In un mondo dilaniato dalle tensioni geopolitiche, il commercio è diventato l’ostaggio delle relazioni internazionali. È ormai uno strumento chiave nelle politiche estere delle grandi potenze, come dimostra il numero crescente di sanzioni internazionali. “Le sanzioni colmano un vuoto tra le dichiarazioni diplomatiche e gli interventi militari, che sono molto costosi in termini umani e finanziari”, osserva Agathe Demarais, ricercatrice presso il think tank European Council on Foreign Relations. Solo gli Stati Uniti hanno quasi settanta programmi di sanzioni, che riguardano più di diecimila persone e aziende in tutto il mondo, un numero di gran lunga superiore a quelli dell’UE, del Canada e delle Nazioni Unite messi insieme.

Dopo l’invasione dell’Ucraina da parte della Russia nel 2022, le sanzioni si sono intensificate: 2.275 persone sono state oggetto di sanzioni statunitensi nel 2022, rispetto alle 743 del 2021. “Parallelamente all’aumento delle sanzioni, si moltiplicano i meccanismi finanziari per aggirarle, come l’uso delle valute digitali da parte delle banche centrali”, sottolinea Demarais. Secondo il Fondo Monetario Internazionale, il crescente ricorso alle sanzioni rischia di comprometterne l’efficacia e di frammentare l’economia globale, minacciando la sicurezza alimentare e la transizione verso l’energia pulita. “La frammentazione è già iniziata nel mercato del petrolio con l’embargo russo, nel settore tecnologico con le restrizioni alle esportazioni degli Stati Uniti che colpiscono la Cina e anche nel settore finanziario con i sistemi in concorrenza con la rete di messaggistica interbancaria Swift che sono emersi in Cina e in Russia”, osserva Demarais.

Imperi coloniali

Paesi come la Corea del Sud, che dipendono tanto dagli Stati Uniti quanto dalla Cina, sono le prime vittime di questa frammentazione. “Se le sanzioni statunitensi contro la Cina si estenderanno oltre il limitato settore dell’alta tecnologia, i giganti coreani saranno costretti a chiudere le loro fabbriche locali di semiconduttori per sfuggirvi”, teme Han-koo Yeo, ricercatore presso il think tank americano Peterson Institute.

L’ex ministro del commercio sudcoreano ritiene che “le preoccupazioni per la sicurezza nazionale abbiano assunto un’importanza eccessiva”, con il rischio che i Paesi siano costretti a scegliere tra i loro partner commerciali contro la loro volontà. La Corea del Sud ha già ridotto la sua dipendenza dal mercato cinese, che ora rappresenta solo il 20% delle sue esportazioni, in calo rispetto al 25% del 2019, mentre la quota degli Stati Uniti è aumentata della stessa percentuale nello stesso periodo.

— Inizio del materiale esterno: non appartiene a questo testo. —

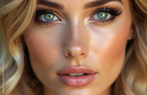Beautiful young woman portrait with bright green eyes, long lashes. Full, glossy lips, perfect glowing skin. Blonde wavy hair frames face. Beauty, fashion, skincare, pro makeup artistry.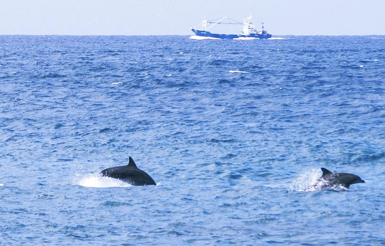 첫날은 허탕 쳤다. 둘째 날 비로소 돌고래를 봤다. 신기하게도 바로 해안가 가까이에서.

In uno studio pubblicato nel 2019, diversi economisti, tra cui Alan de Bromhead, professore all’University College di Dublino, mostrano che negli anni ’30, con l’allontanamento delle politiche commerciali dal multilateralismo, il commercio mondiale si è frammentato sviluppandosi all’interno degli imperi coloniali. Nel 1929, solo il 30% delle importazioni del Regno Unito proveniva dall’Impero britannico, rispetto al 42% del 1938. “L’evoluzione della globalizzazione negli ultimi cinque anni assomiglia in modo inquietante a quell’epoca”, osservano con preoccupazione Goldberg e Reed. Una frammentazione che portava con sé i semi della Seconda Guerra Mondiale.